It was around 2010 when I moved to the U.S. after a lifetime in Europe that veganism piqued my interest. The reason was simple: as someone who already cooked a lot and had a good understanding of ingredients, I couldn’t ignore a strange little detail in my first years in the U.S.—the meats and cheeses just looked and tasted different. And not in a good way.
I specifically remember buying chicken breasts one day, only to find a strange layer of slime on them. I couldn’t recognize it, and that moment made me pause. Maybe, I thought, it would be a better idea to step back from meats and cheeses for a while.
Unlike many others, at the time, who turned to veganism after watching Netflix documentaries about animal mistreatment or the dark side of the modern food system, I didn’t. (In fact, to this day, I’ve only seen one of those documentaries.) My shift was more instinctive. I had a reference point—how food tasted and felt in another part of the world—and something just seemed off.
At around the same time, the civil war in Syria broke out. While I never lived there, my mother is Syrian, and I spent every summer there until the war began. Witnessing the violence from afar made me more sensitive to the sight of blood, even in my own home, and by extension: there would be no blood in my kitchen.

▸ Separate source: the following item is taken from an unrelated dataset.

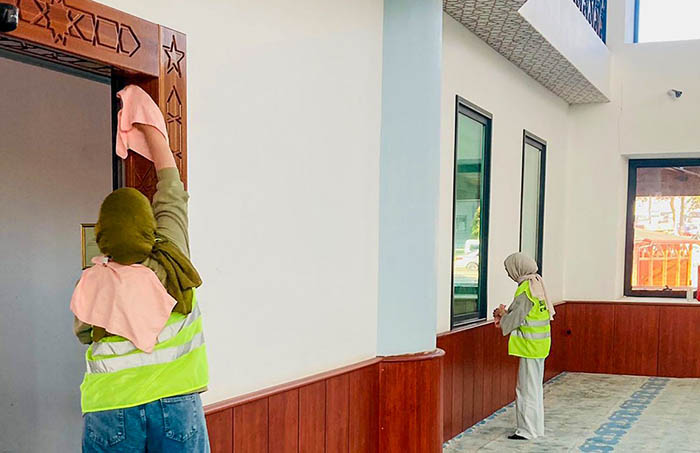 Topluluğun akademik başkanı ve ilgili dersin koordinatörü Öğretim Görevlisi Sezgin Bıçak da öğrencilere eşlik etti. Camide bulunan camları, mobilyaları, minberi, mihrabı, müezzin mahfilini silen öğrenciler halıları süpürerek birçok yerin de temizliğini yaptılar.
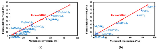 Beyond iron molybdate and silver, other active species have been tested. For instance, good catalytic activity was also unveiled with the use of alloys Zr(MoO4)3 and Ce2(MoO4)3. Performance comparison with the standard FORMOX formulation is shown in Figure 9a, where formaldehyde yield is presented as a function of methanol conversion [96]. Similarly, interesting catalytic properties in using vanadium associated to different elements were also shown in the literature, as shown in Figure 9b [96], where FeVO4 and AlVO4 catalysts were evidenced as capable of reaching 76–87% of selectivity to formaldehyde when methanol conversion is above 50% (on the other hand, other metal catalysts associated with vanadium show a more or less low catalytic activity for oxidation).

Eventually, I transitioned to being fully vegan—a process that took several years. A trip to Jamaica, where I decided to eat strictly Ital, helped move me towards a plant-based diet too. And the more I replaced meat with vegetables, beans, and grains, the better I felt. The first thing I noticed? My energy levels improved significantly.
Of course, over the years, people have constantly asked me the classic question every vegan hears at least a gazillion times: Where do you get your protein?
And I’ve also heard many vegans explain their protein sources to skeptics. One of the most common arguments? Cows eat grass all day, yet they’re big and strong—so we, vegans, don’t have to worry about getting enough protein either!
Even now, I still hear people say this, and deep down, I want to scream: Please stop comparing yourself to a cow!
Because cows and humans have very little in common. And honestly, using herbivores as an argument to justify veganism as a diet for strength just doesn’t hold up.
Let’s break it down.
For starters, why are some animals herbivores while others aren’t? One widely accepted theory is that in most ecosystems, plant matter is more abundant and accessible than animal protein. Animals adapt to their environment and avoid competition—so if they can survive on plants without having to fight for limited meat resources, they will.
But here’s the key difference: herbivores, including cows, eat far more food than omnivores. The reason cows get so big is that they spend most of their lives eating—about six hours a day. They eat about 2-3% of their body weight whereas humans ideally eat 1.5-3% of their weight (depending on factors like age, activity level, and metabolism).
And on top of that cows are quite sedentary. A stark contrast to a cheetah or tiger, which expends huge amounts of energy hunting and moving. And I’d like to think, a stark contrast to an active lifestyle us humans should all embrace.
Then there’s digestion. Cows have a four-chambered stomach (rumen, reticulum, omasum, and abomasum), which allows them to break down tough plant fibers through fermentation, regurgitation and microbial digestion. This process lets them extract nutrients from low-energy foods like grass. Humans, on the other hand, have a single-chambered stomach with acidic digestion, meaning we rely on enzymes and stomach acid to break down food quickly—which allows humans the option to become omnivores, if they wish to do so.
And perhaps most interestingly, cows don’t just eat grass. They consume 25–50 different types of plants, intuitively selecting what their bodies need at any given time. This diversity in their diet is a huge reason they get the nutrients necessary for their size. And as we all know, the more diverse your diet, the more nutrients you absorb.
So, if you’re willing to spend six hours a day eating 25–50 different plants and processing them through a four-chambered stomach, then sure—come back and tell me how you’re getting enough protein to be “big and strong like a cow.”
Otherwise, let’s retire the cow argument once and for all.
I’m not suggesting you shouldn’t be vegan. In fact, I’m the first to celebrate and push a plant-forward diet (my specialty is making vegetables delicious and exciting after all), but rather than compare with a simplistic idea of a cow eating grass, let’s talk about the rich diversity of a plant-based diet available to humans, and what we can do to understand it better so we can tap into all the nutrients we need.
Phew… I finally got this off my chest.